In the section “ Kicking around fixed costs,” you work with an equipment lease. Because the equipment is used to make a product, the lease is a fixed, indirect cost. You allocate the indirect cost based on the number of units (desks) created.
Material and direct labor costs are addressed in the section “ Comparing direct and indirect costs.” Those are variable costs that change (in total) with your level of production.
If you manage a factory, you incur utility costs to heat, cool, and provide power to the factory. The more products you produce, the more utility costs you incur. So utility costs can vary with the level of activity.
Utility costs are also indirect costs. Because you can’t trace the costs directly to a product, you have to allocate them. Utility costs are often allocated using labor hours for a particular time period.
Covering Costs in Different Industries
In the Introduction, I note that this book covers both products and services. A product is a physical item that your customer can touch, see, and feel. When a customer pays you for doing something — such as cleaning an office or driving a product from point A to point B — that’s a service.

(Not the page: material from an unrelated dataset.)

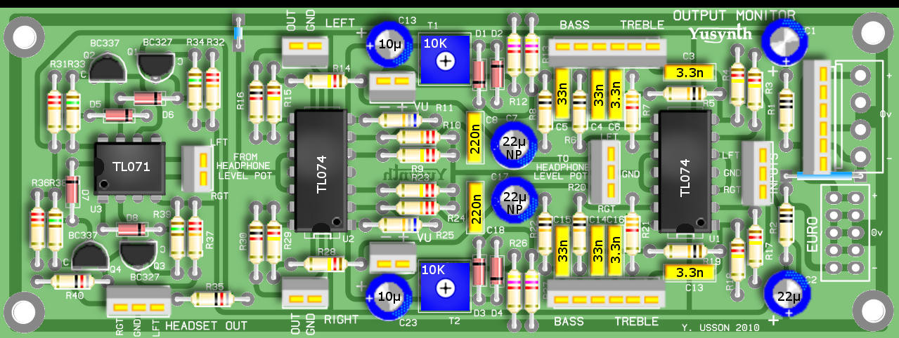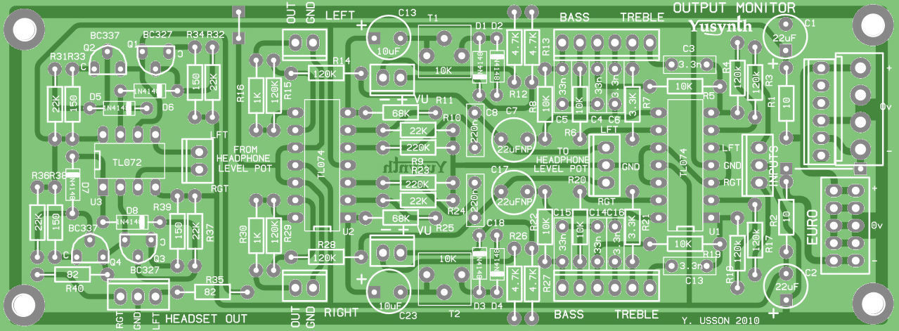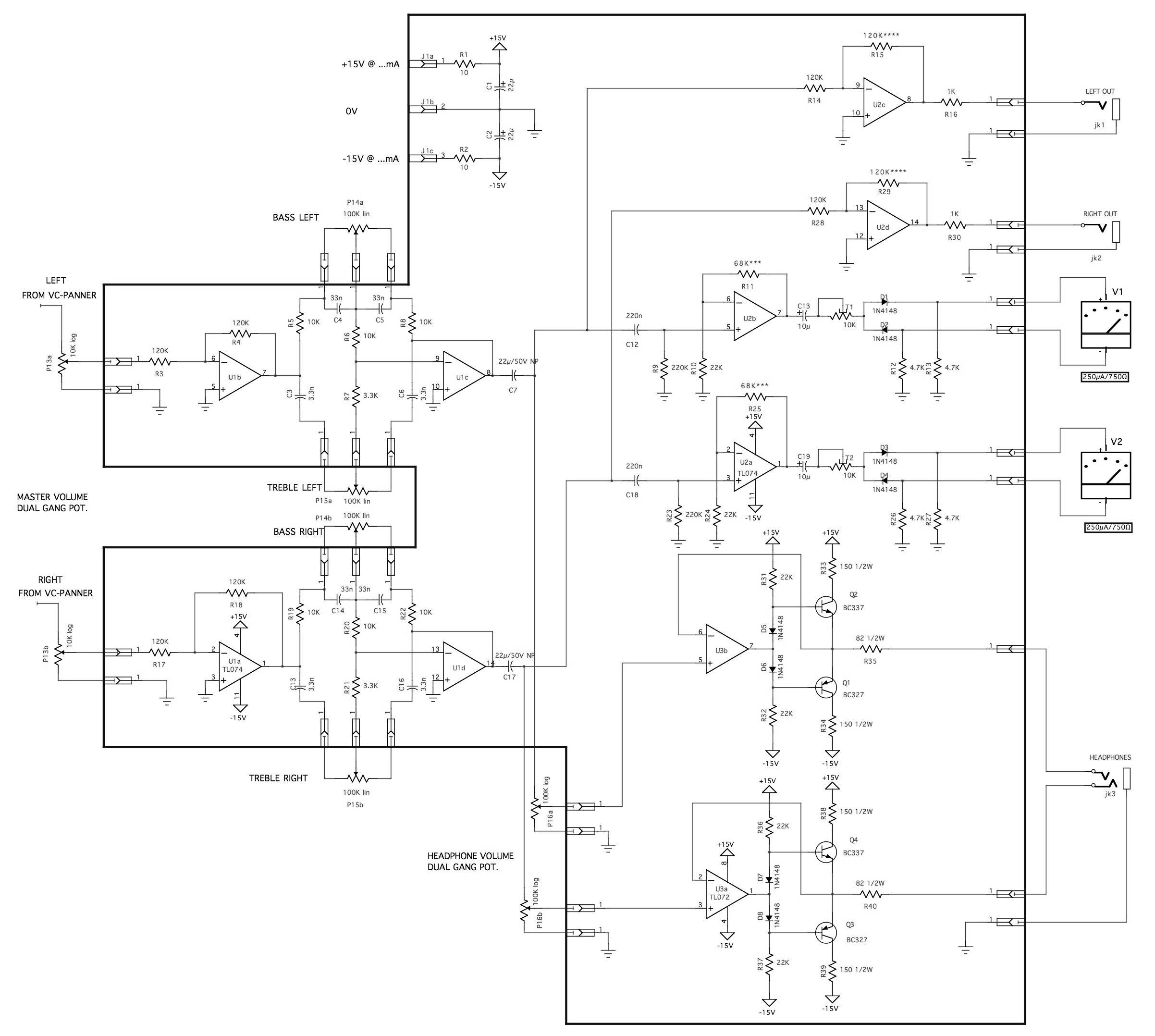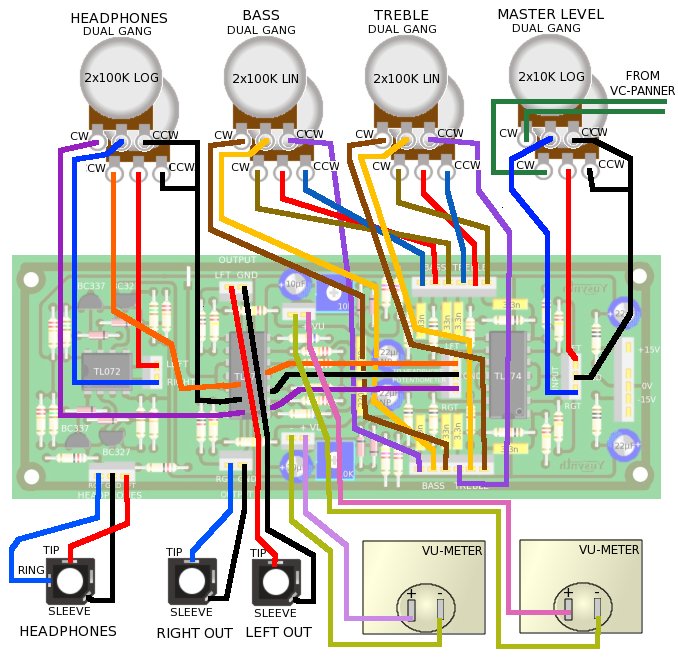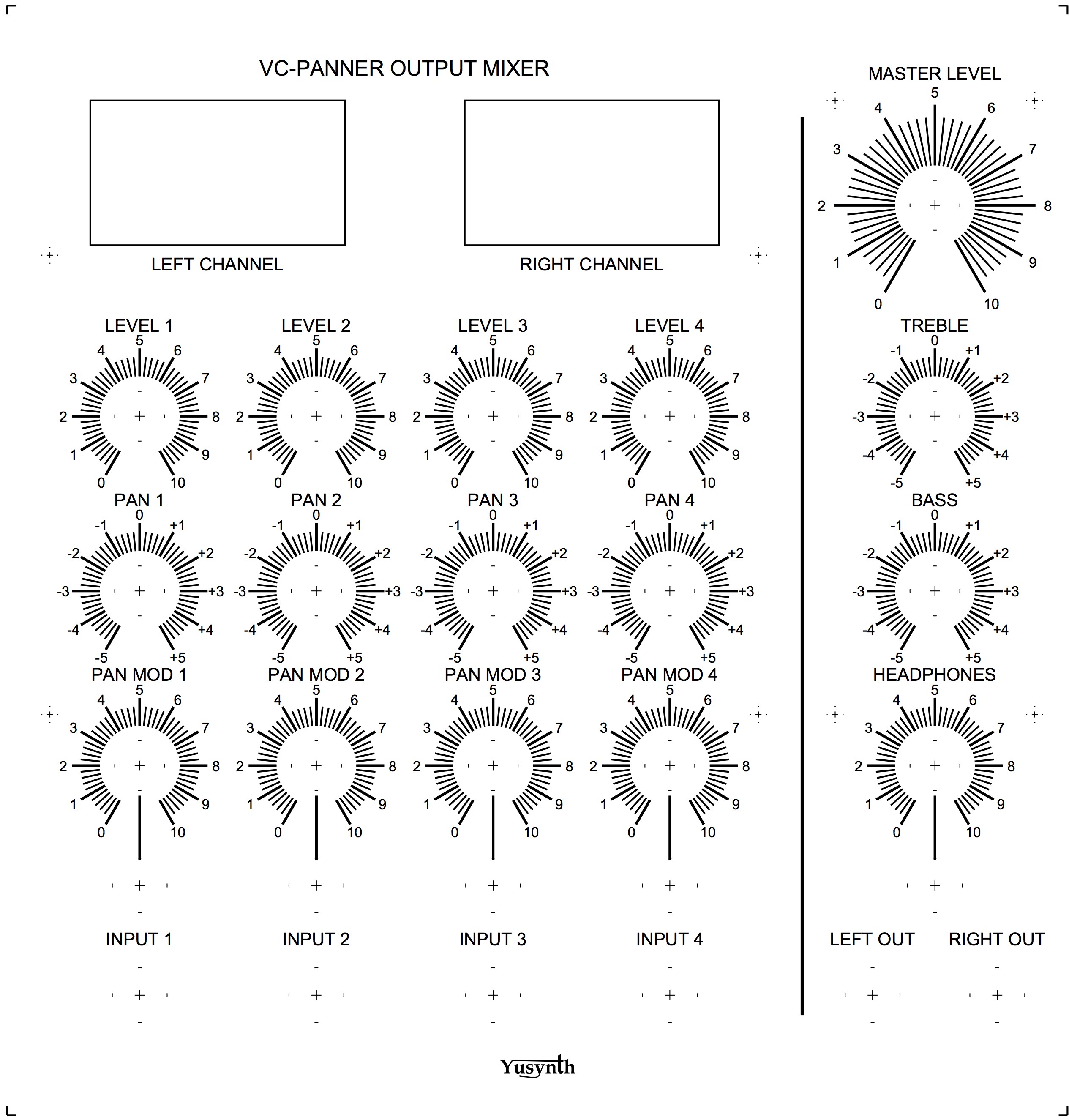 VC-Panner The trimmers T101 to T104 are used to adjust the midrange for the paning for each channel. Basically, for each channel :
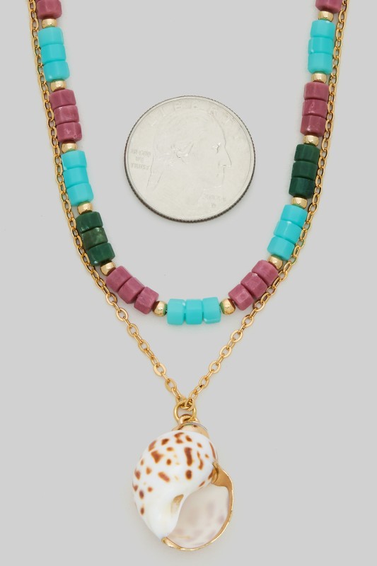 Layered Shell Necklace With Shell Pendant Please register or log in to view prices. Add a touch of beachy charm to your style with this layered shell necklace featuring a delicate shel…

The way customers interact with your business also determines the type of costs you incur. Do you have a physical store or site location, sell online, or both?
Reviewing manufacturing costs
Manufacturers make products. They incur material and labor costs, as well as overhead.
No manufacturer can produce a product instantly. When you close the factory doors for the night, you have partially completed goods on hand. Those products are called work-in-process ( WIP ) .
Assume you make blue jeans. The jean production moves from one department to another. Say that the denim material has been cut for 100 pairs of jeans. The next step is to sew the denim and then dye the material. You close your factory doors before the jeans move to the sewing department.
Consider the cost you’ve incurred on the jeans. You purchased the denim, a material cost. You paid your workers to run machines to cut the denim (labor costs). So the work-in-process jeans have incurred some costs, but not all the costs required.
When work-in-process goods are completed, they are defined as finished goods. Finished goods are ready for sale to a customer. They incurred all manufacturing costs.
Considering costs for retailers
A retailer doesn’t make a product. Instead, it buys inventory and sells it to customers. The largest cost for most retailers is inventory. (See Chapter 9for more on inventory.) Retailers don’t create work-in-process or finished goods. Those terms apply only to manufacturers.
Retailers incur ordering costs to order inventory and carrying costs to store inventory. Check out Chapter 18for the details. The risk for a retailer is carrying too much inventory — or running out of inventory when a customer wants to buy more product.
This is a delicate balance. The more inventory you own, the more cash you spend (and that gives you less cash to use for other things). You don’t recover the cash until the customer pays for the product. Likewise, if you run out of inventory, and there’s more demand for your product, you lose sales.
Adding up costs for e-commerce firms
E-commerce refers to selling products and services online, rather than through a physical store location. Online sales continue to grow, as technical innovations make it easier to find and compare products and make purchases over the web. As technology improves, so does the customer experience when buying online. The result? The percentage of retail sales placed online increases each year.
This industry has a different cost structure to a traditional retail or manufacturing company. The good news is that e-commerce firms don’t need physical locations. However, online businesses have other costs that must be managed.